Не велено делать различия племени и веры, а велено смотреть на нужду…

– Кто же послал лодки? Кто это помогает нам в несчастии? – говорит народ.

– Польские иезуиты и русское консульство! Католическая проповедь и православный отпор!

Всё остальное самое влиятельное в городе опомнилось поздно.

Все это, положим, очень трудно и приятно; мучительно и весело… Это не просто служба, это какой-то восхитительный водоворот добра и лжи, поэзии и сухости, строгого формализма и свободной находчивости, тончайшей интриги и офицерской лихости, европейской вежливости и татарского размаха, водоворот, за ловкое вращение в котором, дают кресты и шлют благодарности…

Все на этой службе мне ужасно нравится…

Еще раз спрашиваю, когда же мне было по источникам изучать состояние страны при Ступине и вникать в его донесения?

Однако помню я что-то читал и из ступинских архивов; но что именно, теперь не могу сказать…

Общее же впечатление у меня осталось такого рода, что в стране и при нем были те же политические элементы, какие были и при мне; все та же «почва», те же турки и христиане, те же злоупотребления и жалобы, те же греки и болгары, те же православные и католики… Все это точно так же перекрещивалось и путалось одно с другим; так же взаимно парализовалось одно другим… такая же сложная и вместе с тем какая-то нерешительная почва; ни чисто болгарская, как в Рущуке или Тырнове; ни чисто греческая, как в Крите или Янине, где наши русские задачи были так ясны и просты.

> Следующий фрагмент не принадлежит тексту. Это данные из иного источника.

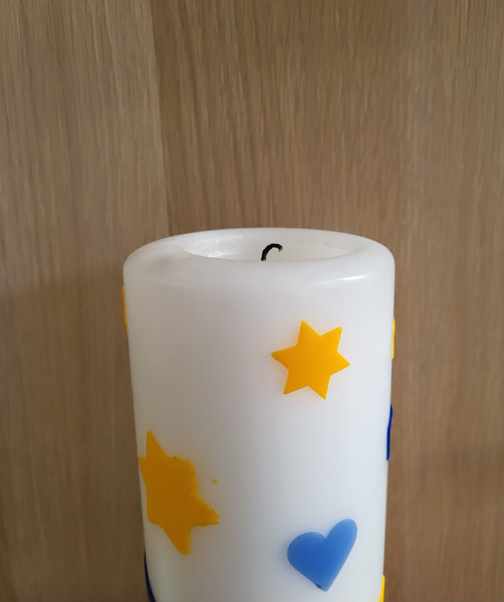 Mit schon ein bisschen größeren Kindern kann man Kerzen selbst gestalten und verschenken. Dafür habe ich Wachsplatten in bunten Farben gekauft sowie weiße Stumpenkerzen. Aus den Wachsplatten mit (alten) Keksausstechern Motive ausstechen, leicht mit den Fingern anwärmen und fest auf die Kerze drücken.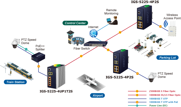 Благодаря стандарту IEEE 802.3at Power over Ethernet IGS-5225-4P2S может напрямую подключаться к любым сторонним устройствам, совместимым с IEEE 802.3af/802.3at, таким как IP-камеры PTZ (панорамирование, наклон и масштабирование), скоростные купольные камеры, цветные сенсорные камеры, аппараты VoIP и многоканальные точки доступа к беспроводной локальной сети. Беспроводная локальная сеть была бы более эффективной для транспортной станции, поскольку обеспечивала бы путешественникам высокоскоростной и глобальный доступ в Интернет. Благодаря структуре беспроводной локальной сети PoE транспортная администрация получает выгоду от меньших затрат, обеспечивая при этом более качественные интернет-услуги в более широких областях для путешественников.

Многое при Ступине (тотчас после Крымской войны и до 60–61 года) не выяснилось, не разрослось; болгарское движение против патриархии было еще слабо; многие болгары сами еще не знали, чего им ждать, чего желать.

Желания их были или очень скромны, или, напротив того, слишком грандиозны и мечтательны. Большинство греков в Адрианополе было тогда русской партии, как я уже сказал. С французами было у нас именно во времена Ступина дружеское соглашение, расстроившееся во время польского мятежа. Но настоящего французского консула не было в его время, был, вероятно, какой-нибудь «consul honoraire»[8 - почетный консул (фр.)] из местных католиков.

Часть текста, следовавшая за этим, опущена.